When the Big “C” Knocks on the Door

Last year, 2025, was coming to an end, and our life looked really good.  I had started eating healthy last spring and exercising daily.  We had a wonderful summer spending time with family and friends in Missouri.  Dennis’s heart optimizer was running just as it was designed to do.  We could hike on the mountain together and we were feeling good and fit.

Then there was a knock on the door.  It was a little “c”.  No big deal, a couple tests and maybe a biopsy, and then we are good to go again.  We have a birthday celebration (a milestone one for Dennis), a college graduation of a granddaughter, a 10-day tour of Israel, and a month spending with friends and family in Missouri, and possibly a trip to Glacier National Park.  

KNOCK!  KNOCK!  KNOCK!   Who’s calling?  Who was this small “c” asking for when the door was answered?  Me!  Really? 

I have been told by doctors that I have an excellent immune system.  I hardly ever get sick.  So why would this happen?

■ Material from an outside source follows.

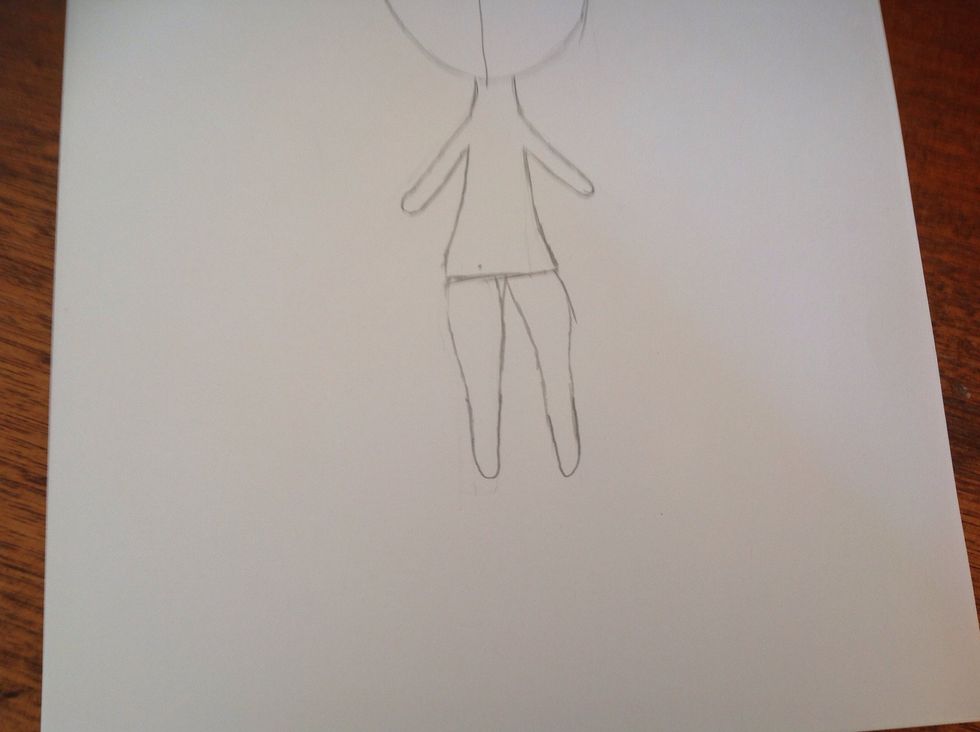 The draw lines coming of the hips to make the legs. If you want the effect that I have done then draw a little lump on the side of the leg.

January of last year I went to St. Louis and visited the daughter of my dear friend (who passed away several years ago).  She was in treatment for cancer of her salivary glands.  I shared with her that I have had in the past a few salivary gland stones.  She told me to get a CT scan to make sure it wasn’t more than that.  My doctor ordered a scan of my head and neck, and although I have some atrophy of those glands, everything was okay.  The scan showed that I had some nodules in my lungs are common to have after having Valley Fever, which I had two years ago.  My primary care doctor ordered a follow up CT scan of my chest which was done on December 11.  The nodules were still there, but it showed something on my liver.  The radiology report stated that a CT scan with contrast was needed to identify what was going on.  So, I had a CT scan with contrast of my chest, abdomen, and pelvis on December 26.  Same results. 

When the first result happened in early December, an AI program at MD Anderson Cancer Center scans all results done at Banner Imaging facilities (the largest hospital group in AZ). When it sees words like “nodule” or “mass”, it makes an automated call to the doctor who ordered the test to request a consultation with the patient.  I had that consultation December 23.  It is amazing, because they are not waiting for symptoms of which I have none.  In fact, my blood tests taken that day and also this week were all within range, and my lymph nodes are clear.  I think that is good, but I’m not a doctor!  I feel great.  So, that’s where we were.  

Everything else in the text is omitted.